В конце зимы 540 года случилось то, чего Юстиниан опасался: Иран нарушил мир. Выставив в качестве предлога для войны несколько обстоятельств (в основном жалобы армян и арабов на притеснения со стороны ромеев), Хосров I Ануширван задержал императорского посланника Анастасия и, лично возглавив войска, переправился через Евфрат. Рассказывая об этом эпизоде, Прокопий в очередной раз сделал выпад в адрес Юстиниана (вложив отрицательную характеристику в уста врагов – армян, обращавшихся к Хосрову): «…тот, кто, о царь, на словах тебе друг, а на деле – враг, пренебрегая и друзьями, и врагами, разрушил и привел в беспорядок мир человеческий. В этом ты и сам скоро убедишься, когда ему удастся полностью подчинить себе западные народы. Чего он только не сделал из того, что было ранее запрещено? Чего он не подверг потрясению из того, что было хорошо устроено? Разве не обложил он нас податью, которой раньше не было? Разве не обратил он в рабов наших соседей цанов, бывших до того независимыми? Разве не поставил он римского архонта над царем несчастных лазов, совершив таким образом недостойный поступок, противоречащий самой природе вещей и нелегко объяснимый словами? Разве не послал он своих военачальников к жителям Боспора и не подчинил своей власти город, совершенно ему не принадлежавший? Разве не заключил он военный союз с царством эфиопов, о котором римляне никогда раньше не слыхали? Более того, он покорил и омиритов (химьяритов – С. Д.), завоевал Красное море, присоединил к Римской державе землю фиников. Не будем уже говорить о страданиях ливийцев и италийцев. Всей земли мало этому человеку. Ему недостаточно властвовать над всеми людьми. Он помышляет о небе и рыщет в глубинах океана, желая подчинить себе какой-то иной мир»340.
Штурмуя или грабя (вынуждая платить выкуп) сирийские города, персы неумолимо приближались к столице всего византийского Востока Антиохии. Военный магистр Армении Вуза, командовавший в тот момент ромейскими силами, увел часть армии с собой, рассчитывая воевать с персами методами партизанской войны, – что при слабости сил было вполне оправданно и предписывалось стратегиконами тех лет.
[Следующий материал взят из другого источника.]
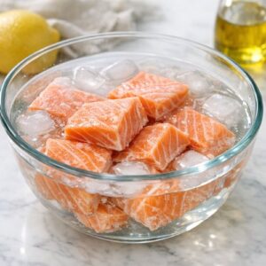 Never use hot water. Never microwave it. These shortcuts destroy the fish’s delicate cellular structure and you’ll end up with mushy salmon that falls apart in your air fryer.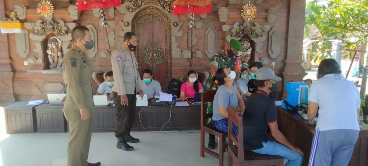 Terpantau hari ini vaksinasi yang digelar oleh petugas kesehatan dari Puskesmas I Jembrana berlangsung di Banjar Batuagung, Desa Batuagung Kecamatan Jembrana. Vaksinasi tersebut mendapat pendampingan dan pengamanan oleh Babinsa dan Bhabinktimbams, Selasa (05/07/2022)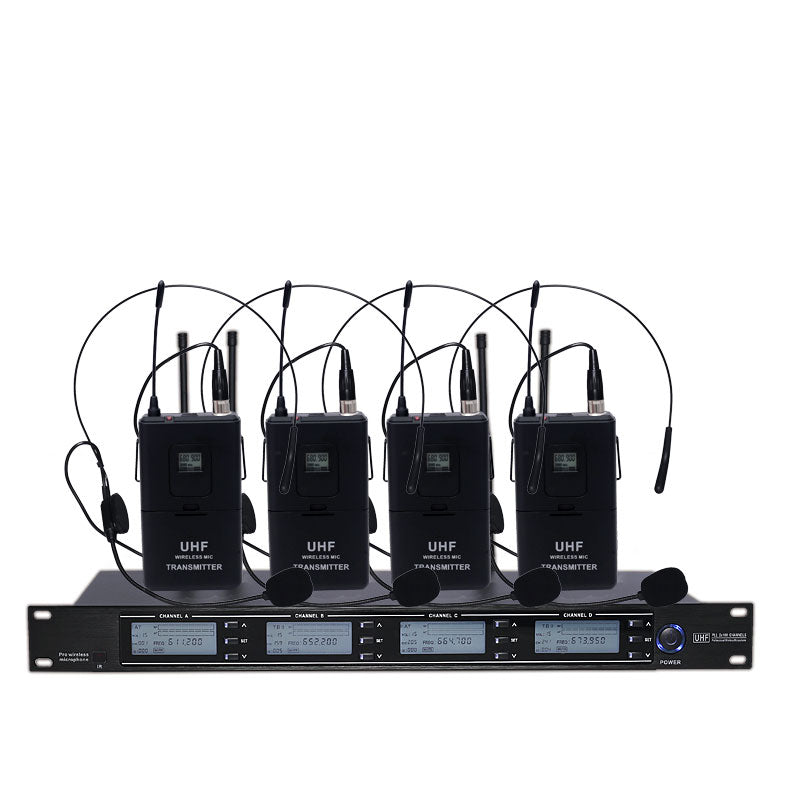 TZT U-84 UHF Wireless Headset Microphone System Cordless Microphone System w/ 4 Black Head Mics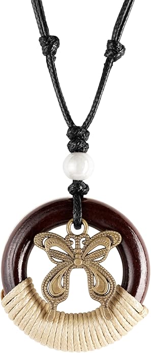 - NATURAL WOODEN RING PENDANT: This necklace features a dark, polished wooden ring, providing a rich, earthy base for the intricate butterfly charm. The combination of materials creates a harmonious balance between nature and craftsmanship.

В город прибыл стратилат Востока патрикий Герман. Он нашел, что Антиохия укреплена хорошо, но в одном месте надо срывать скалу, близко подходившую к стене. Городские архитекторы отказались начинать работы, понимая, что закончить их до прибытия персов не успеют, а недоделанное покажет врагу место, где следует начинать приступ. Чтобы спасти не так давно отстроенный город, от наступавшего врага решили откупиться. Хосров потребовал десять кентинариев золота (327,5 килограмма) за то, чтобы оставить в покое весь Восток. Но переговоры затянулись. Герман, не дождавшись войск из Константинополя, покинул Антиохию. Однако в этот момент гарнизон получил подкрепление (шесть тысяч солдат) с запада Сирии, а прибывший для улаживания конфликта столичный уполномоченный, асикрит Юлиан, запретил горожанам самостоятельно вести переговоры. В итоге речь о выкупе более не велась, и антиохийцы приняли решение сражаться, опираясь на гарнизон и стасиотов – молодых бойцов партий местного цирка.
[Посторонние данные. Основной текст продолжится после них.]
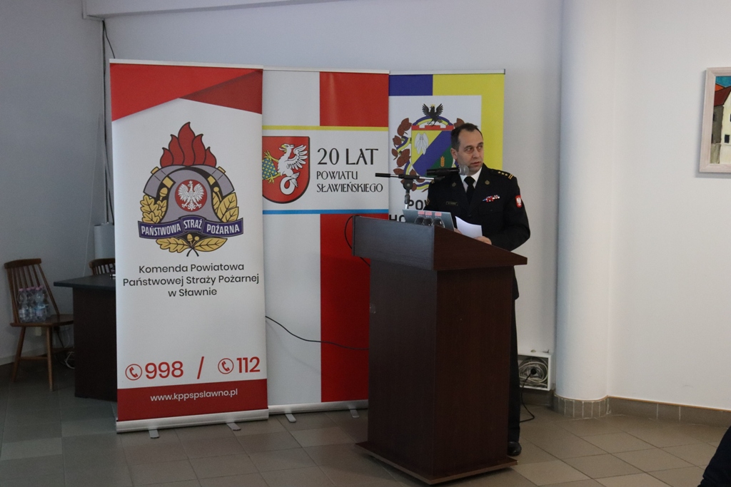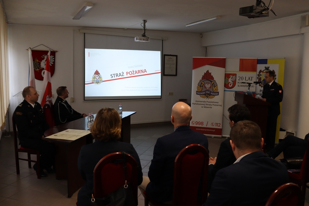 W dniu 17 lutego br. w sali konferencyjnej Starostwa Powiatowego w Sławnie odbyła się narada roczna podsumowująca działalność Komendy Powiatowej Państwowej Straży Pożarnej w Sławnie w 2022 r. Gospodarzem uroczystości był Komendant Powiatowy PSP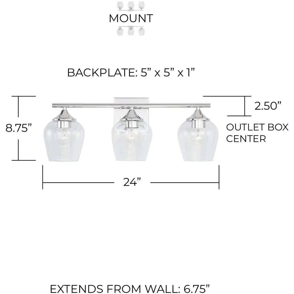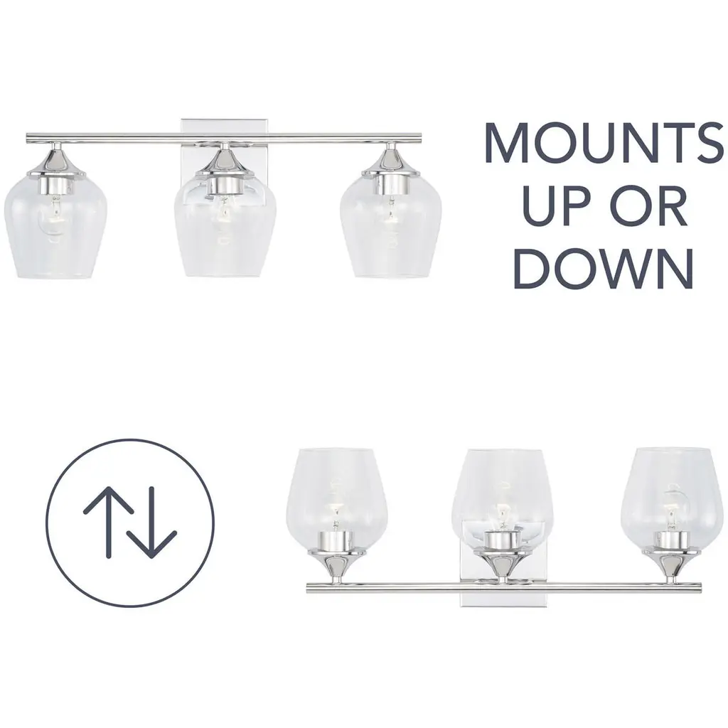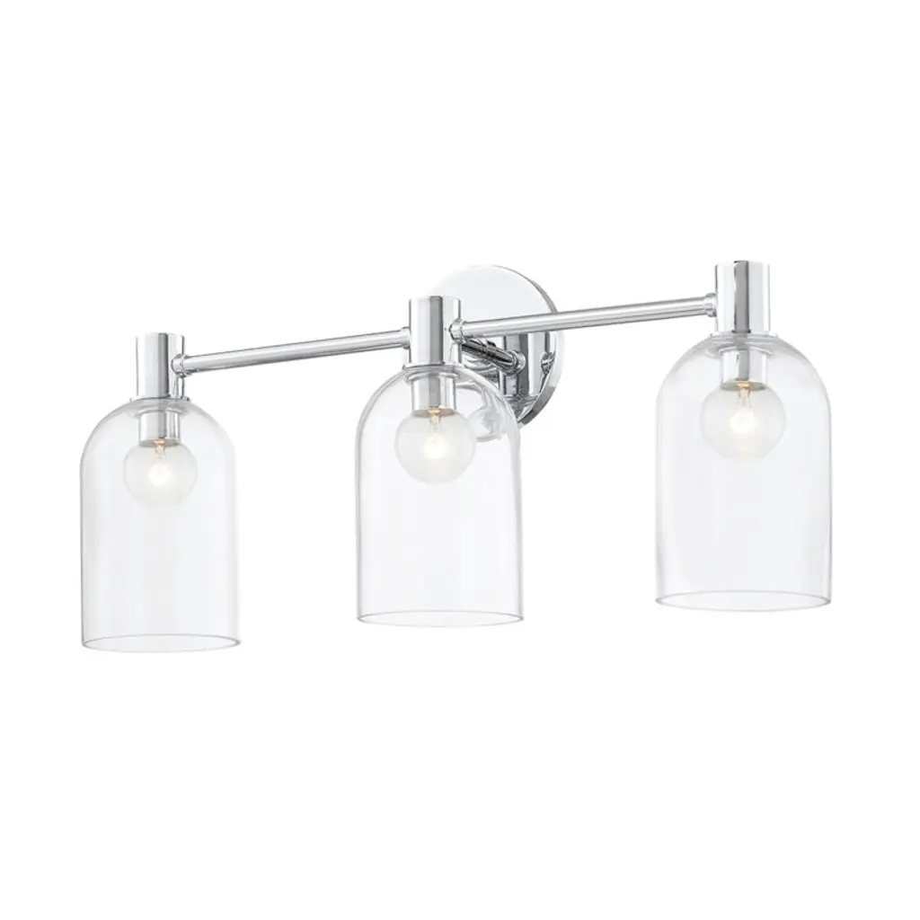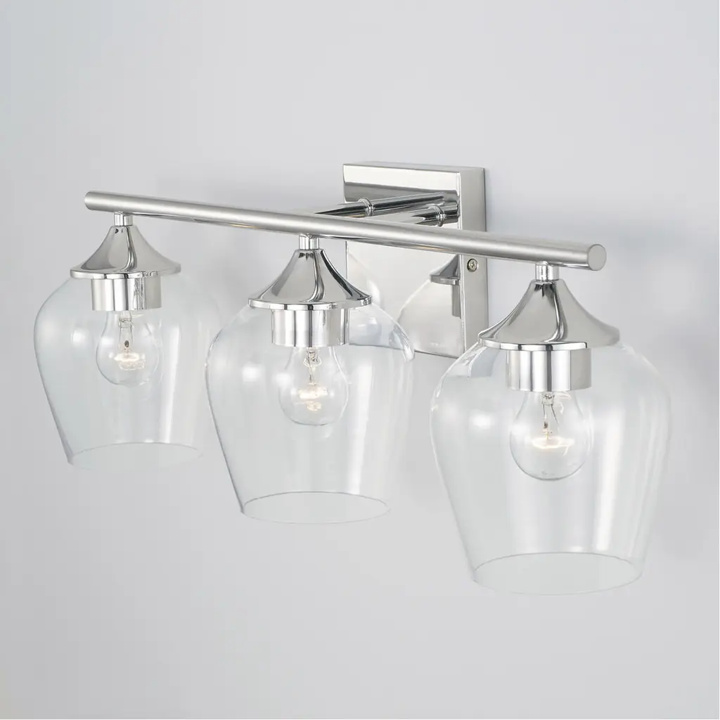This 3-Light Vanity is pretty and practical. The Chrome finish adds a reflective layer to the playful silhouette of the clear glass shades.

Но враги оказались сильнее, и город пал341. Причем солдаты после взятия стены (в том самом месте, где не срыли скалу!) отступили организованно, а стасиоты бились на улицах, не имея полного вооружения, и в большинстве своем погибли. Город, кроме одного из самых значительных храмов, был сожжен. Лучших жителей – мастеров, купцов, архонтов – Хосров переселил в Иран, где для них был специально выстроен город «Антиохия Хосрова», во главе которого царь поставил христианина.
Иоанн Малала считал, что одной из причин сдачи Антиохии оказалась банальная коррупция: Герман так увлекся скупкой задешево у жителей Антиохии серебра, меняя его на золото (которое эвакуирующимся горожанам легче было унести), что пренебрег своими непосредственными обязанностями: «Ни о чем не заботясь, он жил в Антиохии, скупая у [ее] жителей серебро за две и три номисмы либру»342. То есть родственник императора наживал 100–200 % дохода с операции: ведь в обычных условиях соотношение между золотом и серебром составляло примерно от 1:12 до 1:14, то есть около 6 номисм за либру.
Гарнизон Верои, сдавшейся Хосрову после осады, большей частью перешел к персам, так как казна задолжала солдатам жалованье за длительный период службы. Эдесса, Апамея, Константина и Дара откупились от врагов, причем в Апамее царь приказал устроить на городском ипподроме ристания и, зная, что Юстиниан благоволит венетам, «заказал» победу прасинов. Такая вот справедливость!343 Выкуп же с Дары он потребовал после неудачной осады, которую начал, когда уже согласился на привезенные из Константинополя условия мира. Фактически шах дважды оскорбил императора – и как человека, и как государя.
Война продолжилась.
Весной следующего года на театр военных действий прибыл «старый новый» магистр Востока Велисарий, приведя с собой контингенты из пленных готов.
Война сначала на два, а затем и на три фронта: 541—545
Восточная кампания 541 года была для ромеев не слишком успешной, хотя они разрушили одну крепость в Армении и пленили ее гарнизон. Персы напали на Лазику. Царь лазов Губаз, недовольный притеснениями со стороны византийских чиновников, перешел на сторону врага, а начальники крепостей Севастополиса (Сухуми) и Питиунта (Пицунды), боясь быть отрезанными наступавшим врагом, сожгли порученные им города и переправили своих людей в Трапезунд на кораблях.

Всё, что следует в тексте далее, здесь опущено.